Juvenile “Ha” (1998)
The gutter-ness of it was like a mini-documentary. Juvenile brought us right into the C.J. Peete Housing Development, and forever etching the Magnolia Projects (how they were locally known) into hip hop consciousness. No Limit brought us the Calliope, but Magnolia became legend.
Also, despite being put out by a label called Cash Money Records, this video looked poor as fuck. Everybody looked poor or hood rich. There was no middle ground. Juvenile looked hot as fuck. Whatever they were trying to capture with the video, they did with tremendous results. As soon as the video ended, I remember calling one of the homies to tell him what I’d just seen and that I’d never seen anything like that before. This video, and Cash Money created some sort of mystique out of New Orleans that really never let up. Even watching it, I knew we were on the brink of something big, and true to form, Cash Money took over the for the 99 and the 2000.
Even watching the video now, I’m transported back to that moment I first saw it; I was genuinely enraptured.

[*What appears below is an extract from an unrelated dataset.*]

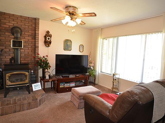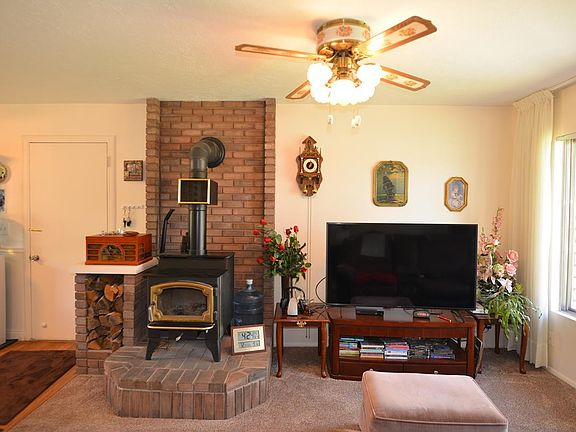 Gorgeous brick home in nice quiet neighborhood with incredible mountain views. Corner lot with plenty of room for RV parking, family reunions, peace and relaxation. Huge heated shop with 220 V for welder, built in work benches and shelving. Compressor complete w/ tank and motor and riding lawn mower w/ snow plow included. Fenced and landscaped throughout w/ beautiful, mature trees including apple, 2 cherry, peach, plum, and 2 apricot. Timeless brick home w/metal roof with 4 spacious bedrooms, wood stove with blower and a great floorplan. Newly remodeled kitchen with granite countertops and newer stainless appliances. Newer laminate and carpet through out. Covered back patio to take in the fresh air and enjoy the views.

The only other time I remember seeing a music video that was so compelling I needed to tell other people so they could watch it was 50 Cent’s “Wanksta.”
When I first saw the Straight Outta Compton biopic, I remember thinking that the first 2 minutes of that movie were like the realest two minutes of a movie I could remember seeing; that’s how I felt about this video. And still do, and that is iconic.